Out of the overflow of the heart the mouth speaks

That title could be misunderstood.  It could be about social status.  It could be an expression of deep dislike for someone.  If you know me, you know it’s neither of those things.

It’s a way of expressing what I think about the importance of character.

I used to think, ‘It’s not what you do, it’s the way that you do it’.  And when this thought first settled in my mind, it was like a profound truth.  When I looked at the people in my life who impressed me the most, what really inspired me (or made me envious) was their way with words.  In 2 categories:

1: The people who can speak their mind fearlessly yet inoffensively.  Like telling someone outright that they have body odour.   No big deal.  And the accused person takes it on board and deals with it.  (Or not.  But they still feel the lightness of touch in what was said.)

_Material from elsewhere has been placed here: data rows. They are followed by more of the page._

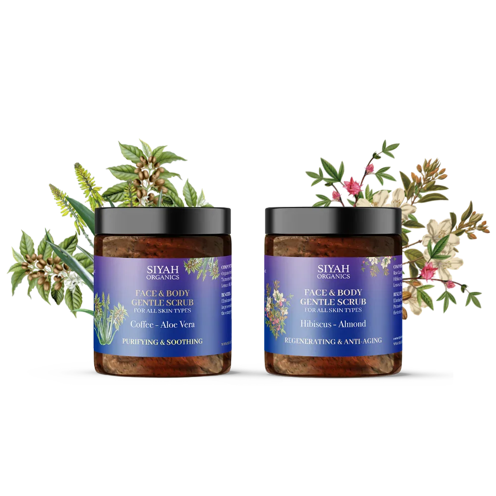 Reveal radiant, refreshed skin with our gentle Hibiscus & Almond and Coffee & Aloe Vera Face & Body Scrubs. These nourishing blends exfoliate, soften, and brighten—leaving your skin smooth and naturally glowing.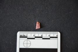 | Description / विवरण | A chalcedony heated utilized flake with bulb and use mark on one edge. |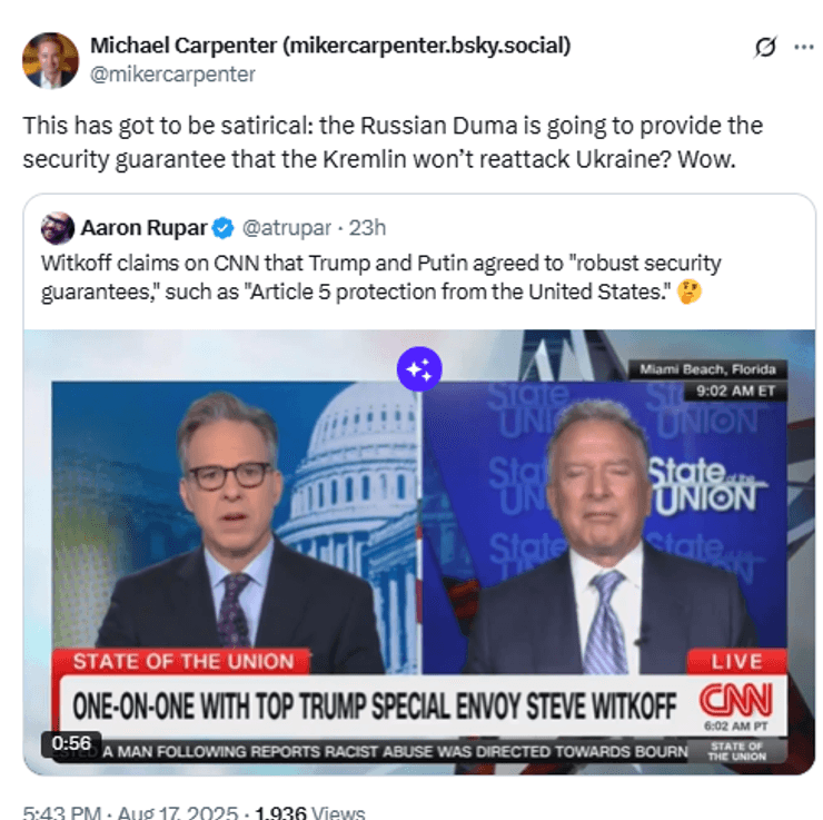 На данный момент большинство аналитиков сходятся во мнении, что даже если Путин и высказался в поддержку идеи гарантий безопасности во время саммита на Аляске, российский президент вряд ли будет готов согласиться на что-то подобное защите, предоставляемой НАТО, после того как три года боролся именно против этого.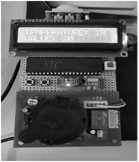 如4圖進行了對于溫度的測試,在產(chǎn)品中加入了溫度修改按鍵,通過兩個按鍵可以對于報警溫度進行設(shè)定,測試時室內(nèi)溫度為18℃,將溫度閾值設(shè)定在20℃,此時蜂鳴器未報警。隨后將溫度設(shè)定在17℃,蜂鳴器報警。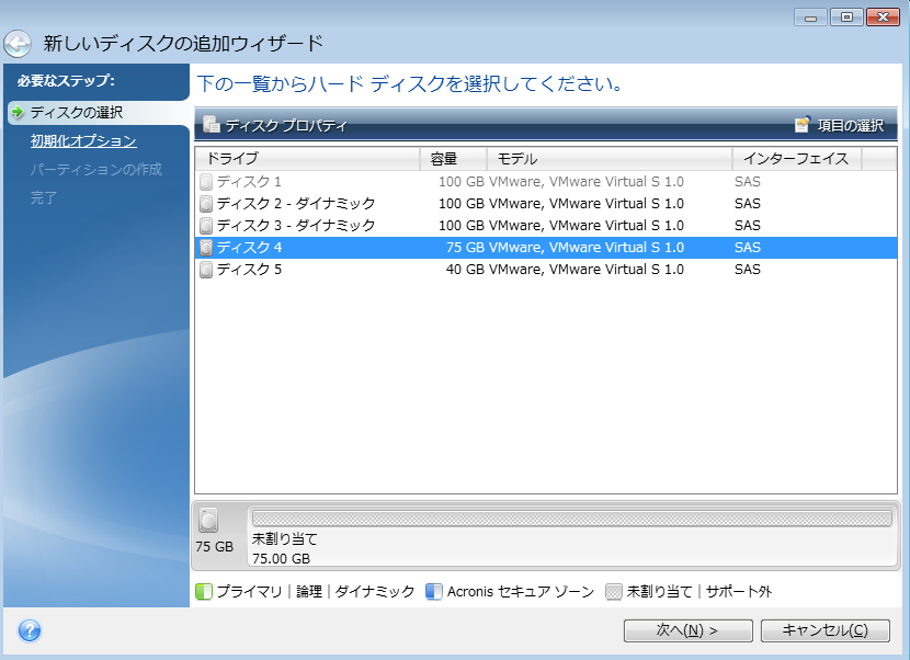 コンピュータに追加したハードディスクを選択します。複数のハード ディスクを追加した場合は、そのうちの 1 台を選択し、[次へ] をクリックして先に進みます。後で、新しいディスクの追加ウィザードを起動し、別のディスクを追加することもできます。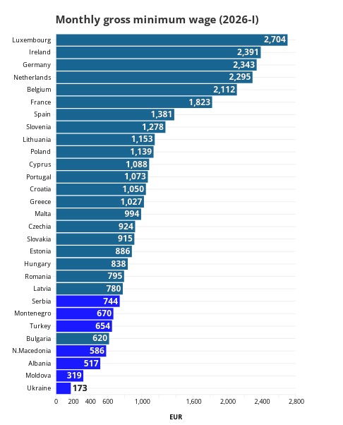 По состоянию на январь 2026 года среди стран-членов ЕС минимальная месячная брутто-зарплата колеблется от 620 евро в Болгарии до 2704 евро в Люксембурге. Если учитывать страны-кандидаты, то Украина имеет самый низкий показатель – 173 евро, за ней следует Молдова с 319 евро. Об этом сообщает Euronews.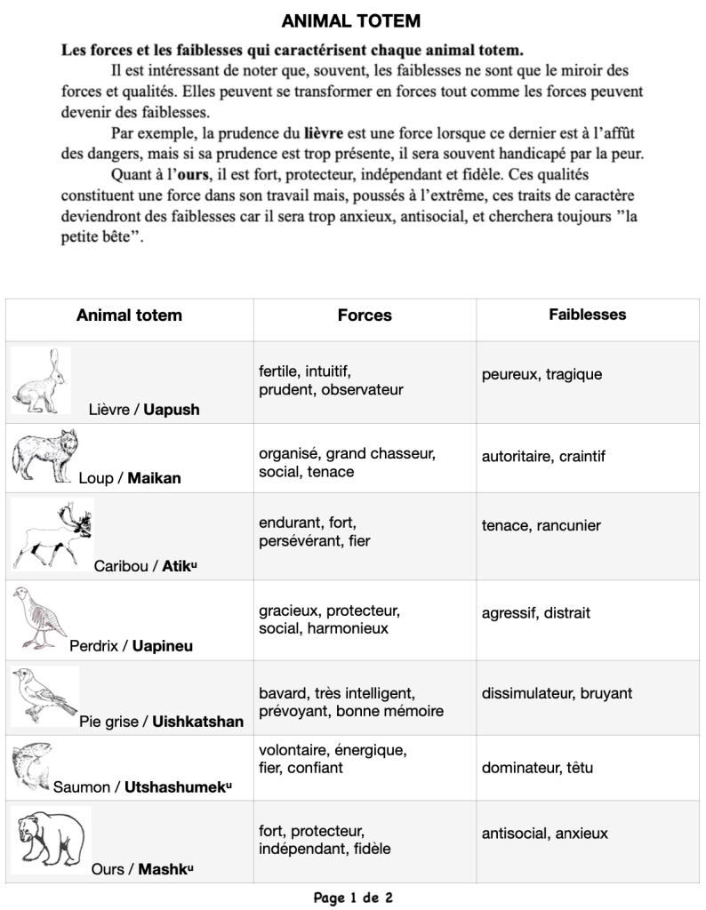 6. Organiser l’information — À tour de rôle, piger une image sur laquelle se trouve un petit dessin d’animal. Lorsque tous les élèves ont pigé, piger une seconde fois, mais cette fois, on ne peut garder une image identique ou l’image d’un animal appartenant au même allié, les deux animaux doivent avoir un maître différent (p. ex. : l’aigle est l’allié de Ushuapeu, maître des animaux volants et le caribou est celui de Papakassiku, maître des animaux terrestres).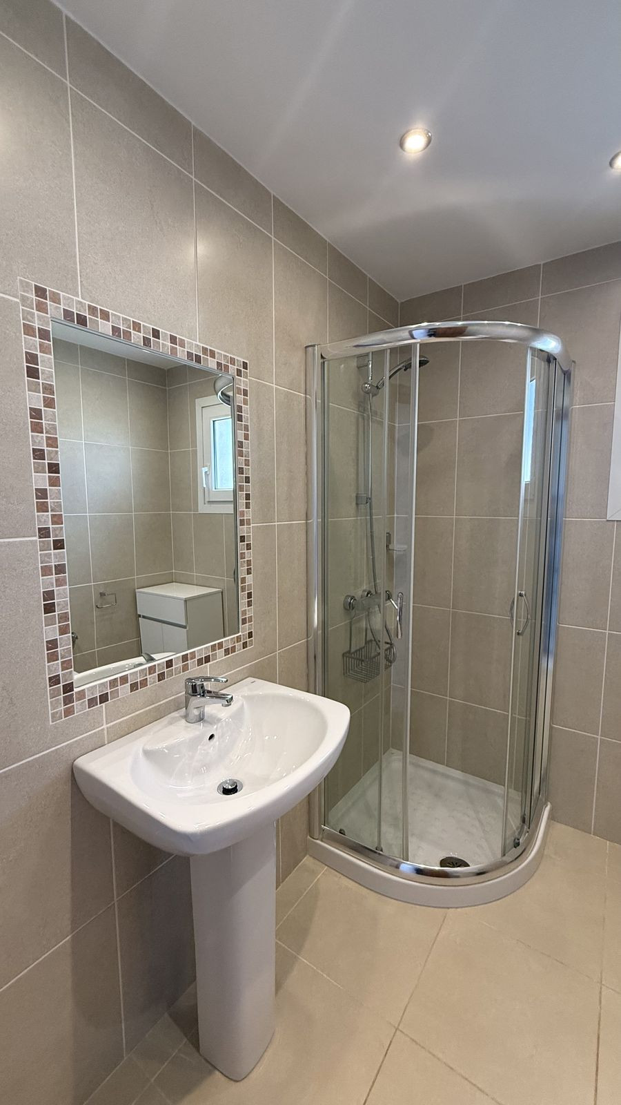 Den består av tre rymliga sovrum och två fräscha badrum, vilket gör den idealisk både som permanentboende och semesterbostad.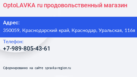 ОptoLAVKA.ru, продовольственный магазин по адресу 350059, Краснодарский край, Краснодар, Уральская, 116я в дальнейшем Организация, размещена в следующих категориях: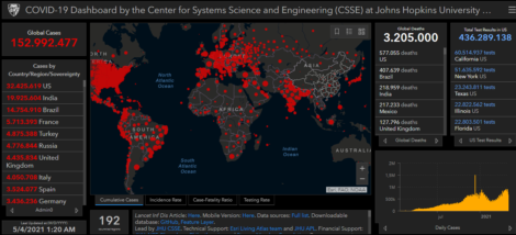 O número de mortos em todo o mundo causados pelo novo coronavírus (COVID-19) subiu para 3.205.019 hoje, de 3.169.019 até sexta-feira, com 152.992.477 casos confirmados. Desde sexta-feira são mais de 2.300.000 novos casos confirmados. O número de recuperados da pneumonia causada pelo vírus chegou a 89.742.160, de 87.715.095 até sexta-feira.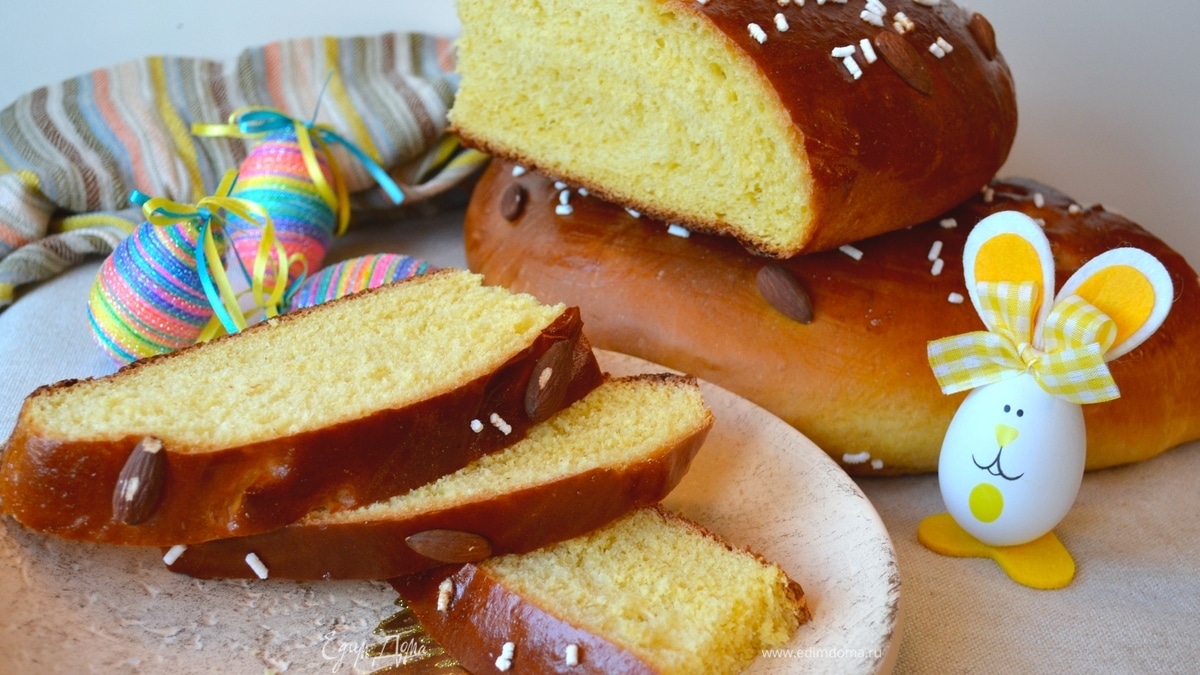 На самом деле "караваем" эту булку назвала я... Родом эта пасхальная выпечка из Триеста и называется Pinza Triestina. Традиционно этот сдобный хлеб едят на завтрак на Пасху, причем в некоторых местах подают его с итальянским "прошутто" (ветчиной)
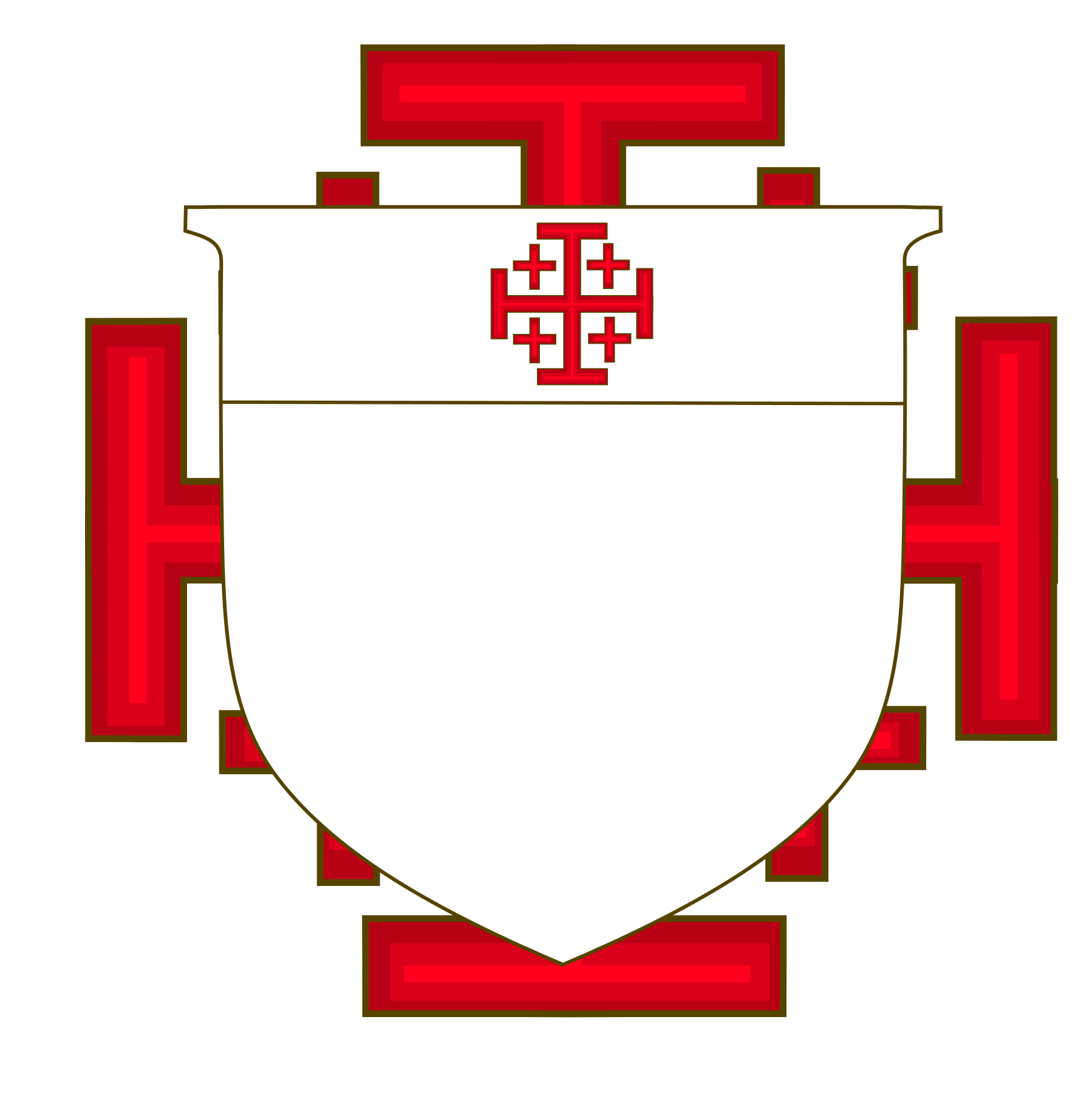 Below you can find other variations of the Jerusalem Cross. It is preferred, if a member is using the Jerusalem Cross as a personal emblem that the cross is coloured red, as this recalled the 5 wounds of Our Lord Jesus Christ.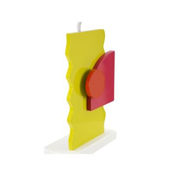 Lampada da tavolo in legno composta da figure che richiamano l'arte futurista. completa di paralume in tessuto arancio.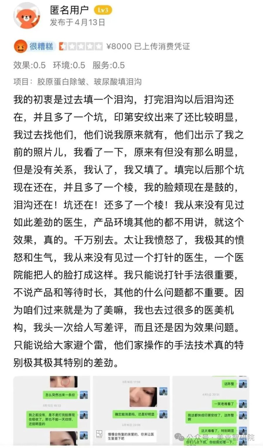 手法差到让多年医美用户首次写差评,提醒求美者避雷:低价再诱人也别拿脸去试刀,技术不过关,一切白搭。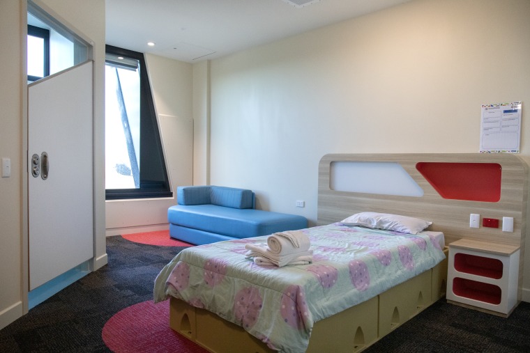 The Mental Health Inpatient Unit on Ward 5A, Level 5, Perth Children's Hospital. BA2493/2081: The common area, and beyond, outdoor area in POD 2 (Adolescent Ward) of Mental Health Ward 5a, level 5. The Mental Health Inpatient Unit on Ward 5A at PCH is the state-wide assessment and treatment facility for children and young people up to 16 years old with complex and acute mental health issues. Ward 5A is a recovery focused patient and family centred service. It offers a seven-day multidisciplinary program in a safe environment for voluntary and involuntary patients. The Ward has a total of 20 beds and is divided into two sections - a 14-bed acute section for children and adolescents who require a higher level of assessment, monitoring and treatment, and a low-acuity section with 6 beds for those who require less support and supervision during their treatment and recovery. BA2493/2082: The Winter Garden area in POD 2 (Adolescent Ward) of Mental Health Ward 5A, Level 5. BA2493/2083: The Common Area with Private single rooms off the side (each with window), at POD 3 - Low Acuity Ward. Cabinets have curved edges for safety in event of aggressive or self-destructive behaviour by patients. BA2493/2084: Typical Patient Room in POD 3 - Low Acuity Ward. The toilet/bathroom is equipped with a safety lock, and the door itself doesn’t continue to the full extent of the door opening, so staff can have access to patients if needed. BA2493/2085: Secure Nurses Station and Common Area, with TV placed in secure safe cabinet, at POD 3 - Low Acuity Ward. The nurses station is equiped with safety windows and is accessed using a secure door lock.

Or secondly:  The people who have wise insights or kind words that get to the heart of a matter.  Like the director of the charity I worked at in Romania, always ready with an analogy to make sense of an issue or diffuse tension.

At the stage in my life I’m thinking about, I was observing other people’s behaviour more keenly because I was coming to terms with my own shortcomings.  And thus I was stepping out on the first stage of life-apprenticeship: Willingness to learn.

Naturally, I tried to copy what these impressive sorts of people do.  I tried using breezy words to hide the irritation I felt at somebody’s body odour, in order that I might be more persuasive and they might go away and deal with it.   I spent a long time choosing those breezy words.

I shared a wise story I’d learned, at an opportune time, when I thought people were ready to hear it.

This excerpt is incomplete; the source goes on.